**PROBLEM DETAILS:** Could you print exactly the lines of the listing below, starting at the line that has "Linzerteig mit Waldviertler" and ending at the line that has "其中,11月份中国进口暖水虾", and only those lines?

**DATA:**
◆ ◆ ◆
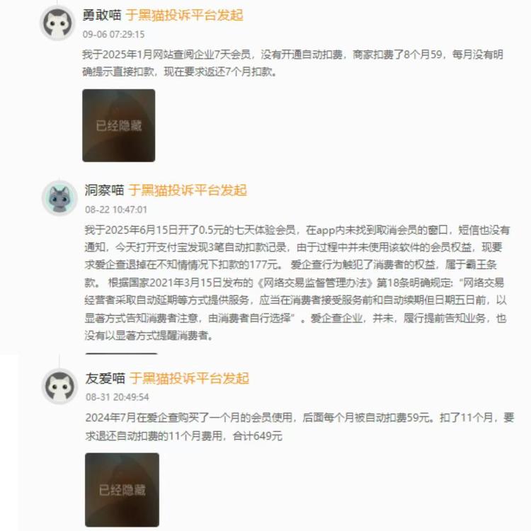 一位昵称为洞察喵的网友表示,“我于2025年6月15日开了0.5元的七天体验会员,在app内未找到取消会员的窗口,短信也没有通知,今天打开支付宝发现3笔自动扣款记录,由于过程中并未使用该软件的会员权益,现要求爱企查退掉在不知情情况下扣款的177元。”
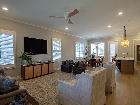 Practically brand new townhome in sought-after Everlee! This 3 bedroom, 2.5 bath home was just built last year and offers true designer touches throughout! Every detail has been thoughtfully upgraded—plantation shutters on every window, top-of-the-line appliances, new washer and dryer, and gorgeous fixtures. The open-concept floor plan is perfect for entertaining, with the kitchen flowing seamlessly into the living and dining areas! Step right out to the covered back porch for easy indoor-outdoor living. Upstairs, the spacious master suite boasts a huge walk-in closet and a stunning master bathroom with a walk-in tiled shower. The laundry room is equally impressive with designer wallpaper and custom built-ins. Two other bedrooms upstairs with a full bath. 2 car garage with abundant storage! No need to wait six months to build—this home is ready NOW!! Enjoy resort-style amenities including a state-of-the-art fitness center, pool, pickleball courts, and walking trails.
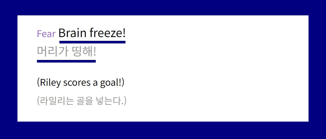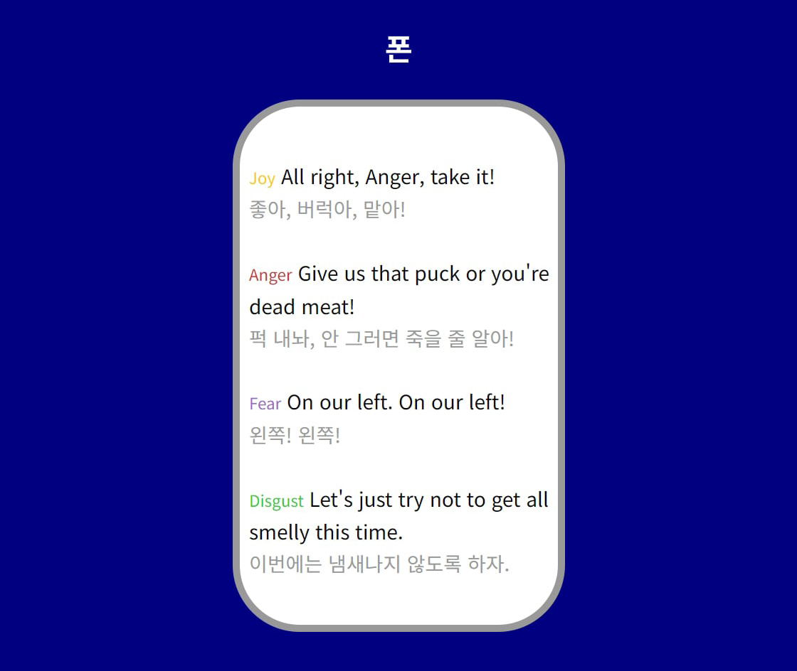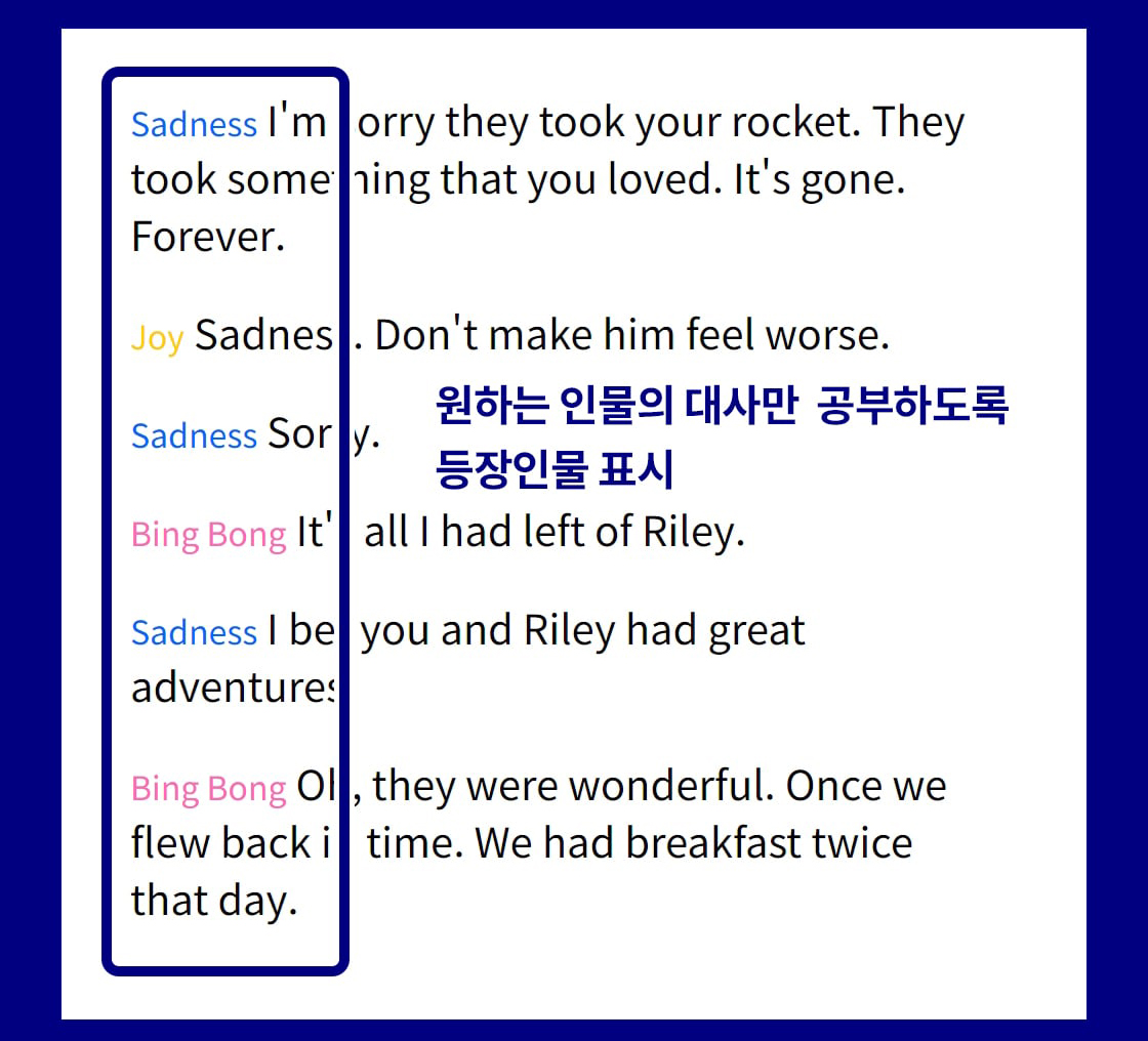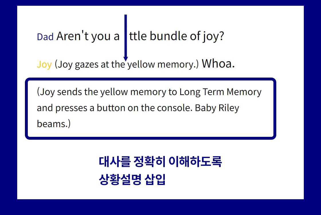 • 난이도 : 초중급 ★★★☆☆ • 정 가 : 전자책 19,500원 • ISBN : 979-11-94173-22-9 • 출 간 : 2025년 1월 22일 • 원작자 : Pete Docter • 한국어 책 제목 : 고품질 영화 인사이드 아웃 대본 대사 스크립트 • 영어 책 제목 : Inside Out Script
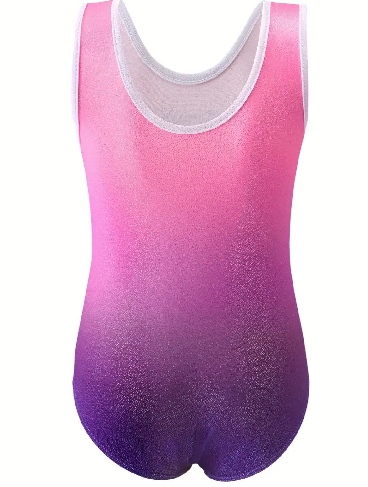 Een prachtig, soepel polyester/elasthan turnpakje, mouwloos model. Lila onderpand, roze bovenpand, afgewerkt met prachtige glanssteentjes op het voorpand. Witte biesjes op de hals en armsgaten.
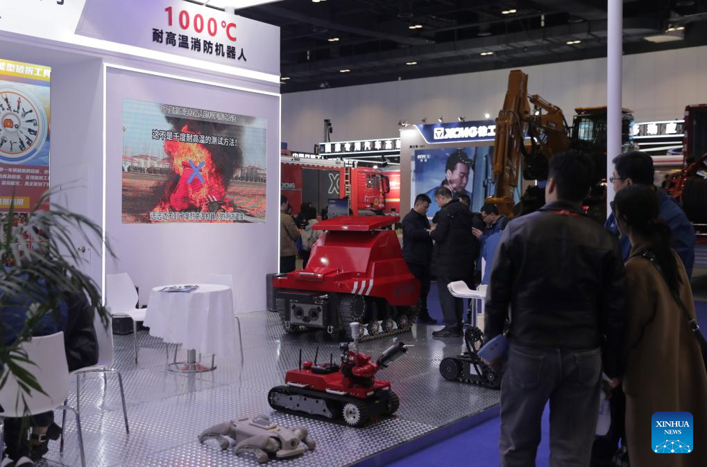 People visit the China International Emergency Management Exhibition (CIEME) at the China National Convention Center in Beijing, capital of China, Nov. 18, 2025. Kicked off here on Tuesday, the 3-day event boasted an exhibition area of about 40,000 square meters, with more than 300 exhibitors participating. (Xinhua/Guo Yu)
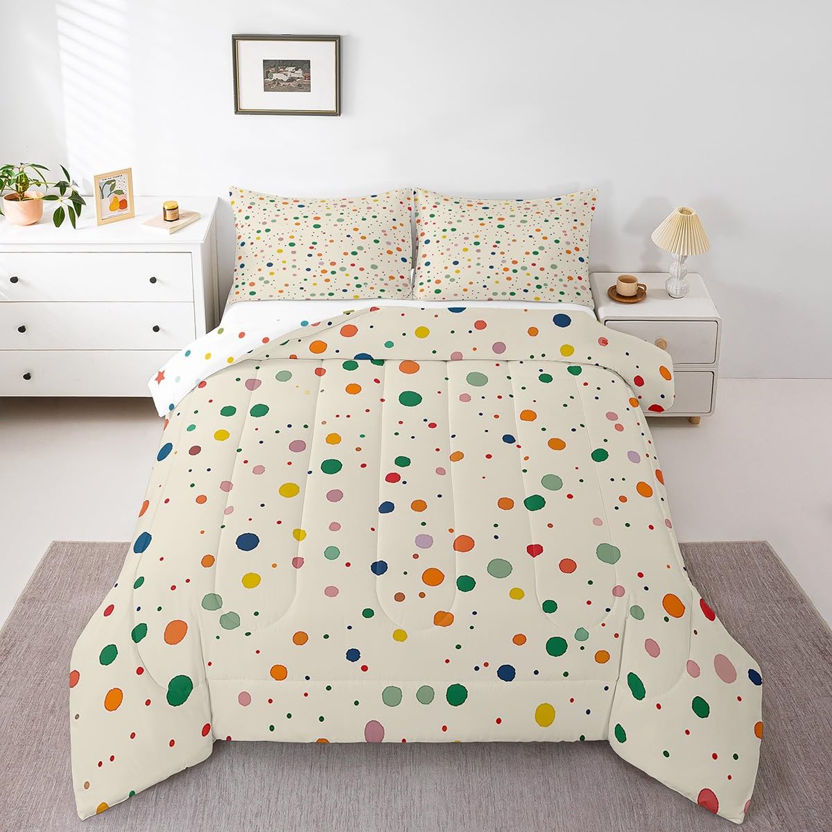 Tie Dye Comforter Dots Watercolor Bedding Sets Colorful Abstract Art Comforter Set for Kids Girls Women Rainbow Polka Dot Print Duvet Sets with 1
◆ ◆ ◆
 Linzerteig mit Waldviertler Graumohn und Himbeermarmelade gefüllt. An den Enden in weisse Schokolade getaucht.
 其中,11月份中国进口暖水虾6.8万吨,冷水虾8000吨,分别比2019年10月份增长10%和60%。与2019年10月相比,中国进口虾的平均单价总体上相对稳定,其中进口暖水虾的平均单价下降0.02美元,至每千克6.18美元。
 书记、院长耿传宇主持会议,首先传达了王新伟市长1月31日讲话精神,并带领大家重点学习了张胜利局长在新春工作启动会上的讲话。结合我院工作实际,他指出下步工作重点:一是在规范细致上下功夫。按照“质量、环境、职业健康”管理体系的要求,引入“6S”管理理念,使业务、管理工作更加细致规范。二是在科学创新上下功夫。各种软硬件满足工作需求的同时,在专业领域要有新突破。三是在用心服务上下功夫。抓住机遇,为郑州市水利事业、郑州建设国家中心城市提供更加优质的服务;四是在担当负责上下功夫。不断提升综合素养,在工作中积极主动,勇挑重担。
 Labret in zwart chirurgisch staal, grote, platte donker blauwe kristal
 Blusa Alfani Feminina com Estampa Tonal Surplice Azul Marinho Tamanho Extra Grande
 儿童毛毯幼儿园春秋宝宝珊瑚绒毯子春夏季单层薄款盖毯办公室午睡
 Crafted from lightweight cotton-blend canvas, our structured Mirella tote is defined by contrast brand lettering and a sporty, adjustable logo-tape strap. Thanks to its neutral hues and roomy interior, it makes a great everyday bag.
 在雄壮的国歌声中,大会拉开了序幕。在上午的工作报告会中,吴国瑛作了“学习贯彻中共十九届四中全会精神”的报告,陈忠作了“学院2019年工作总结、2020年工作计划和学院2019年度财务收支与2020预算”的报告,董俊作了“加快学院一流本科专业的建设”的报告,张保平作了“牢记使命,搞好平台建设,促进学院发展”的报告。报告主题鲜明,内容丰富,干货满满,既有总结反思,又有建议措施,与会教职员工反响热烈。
◆ ◆ ◆
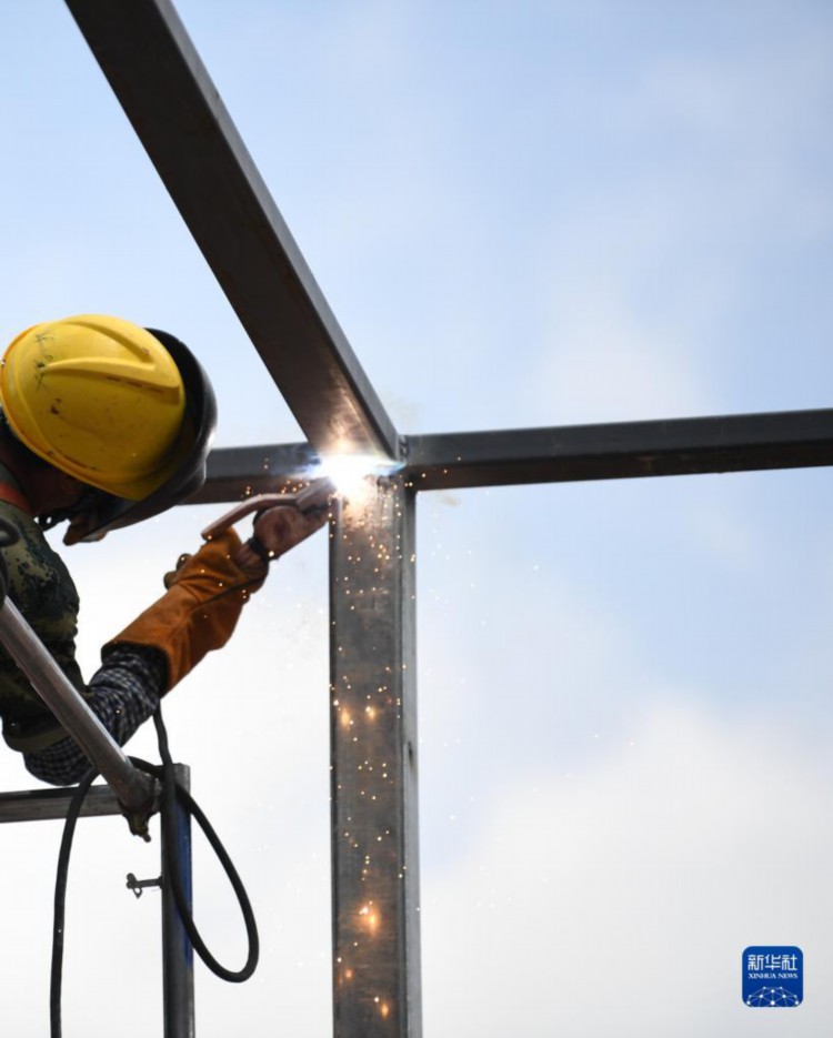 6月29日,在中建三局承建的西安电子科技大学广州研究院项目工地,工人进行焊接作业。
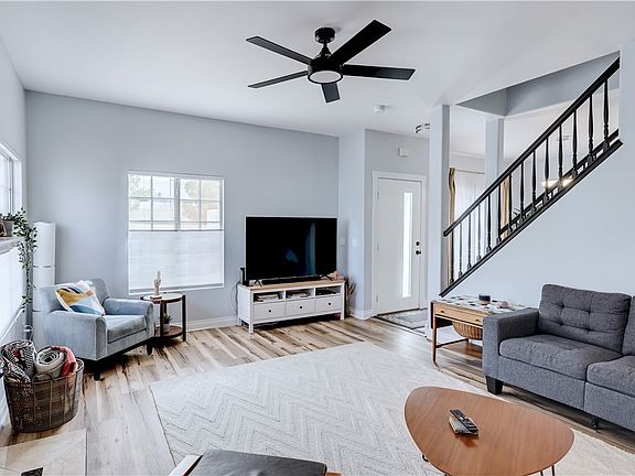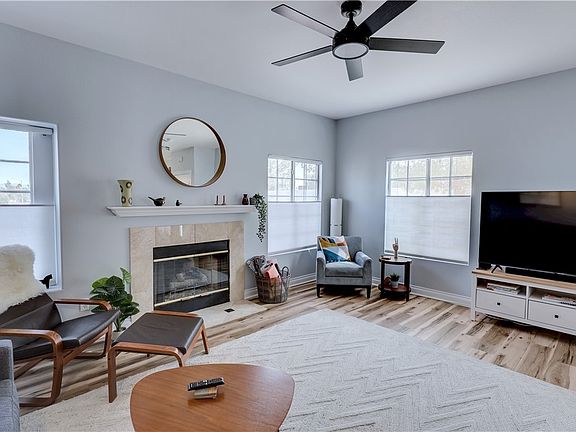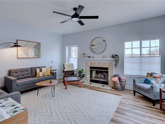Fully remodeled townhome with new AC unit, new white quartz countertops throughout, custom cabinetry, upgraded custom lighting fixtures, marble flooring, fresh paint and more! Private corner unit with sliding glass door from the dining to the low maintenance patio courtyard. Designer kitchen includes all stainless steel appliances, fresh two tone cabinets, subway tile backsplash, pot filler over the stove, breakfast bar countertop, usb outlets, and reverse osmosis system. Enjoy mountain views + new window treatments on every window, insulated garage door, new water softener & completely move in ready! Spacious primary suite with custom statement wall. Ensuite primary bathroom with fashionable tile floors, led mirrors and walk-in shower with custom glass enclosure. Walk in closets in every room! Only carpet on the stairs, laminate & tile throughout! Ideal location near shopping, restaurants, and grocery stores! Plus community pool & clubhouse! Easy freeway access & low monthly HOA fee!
◆ ◆ ◆
**REPLY:**
 Linzerteig mit Waldviertler Graumohn und Himbeermarmelade gefüllt. An den Enden in weisse Schokolade getaucht.
 其中,11月份中国进口暖水虾6.8万吨,冷水虾8000吨,分别比2019年10月份增长10%和60%。与2019年10月相比,中国进口虾的平均单价总体上相对稳定,其中进口暖水虾的平均单价下降0.02美元,至每千克6.18美元。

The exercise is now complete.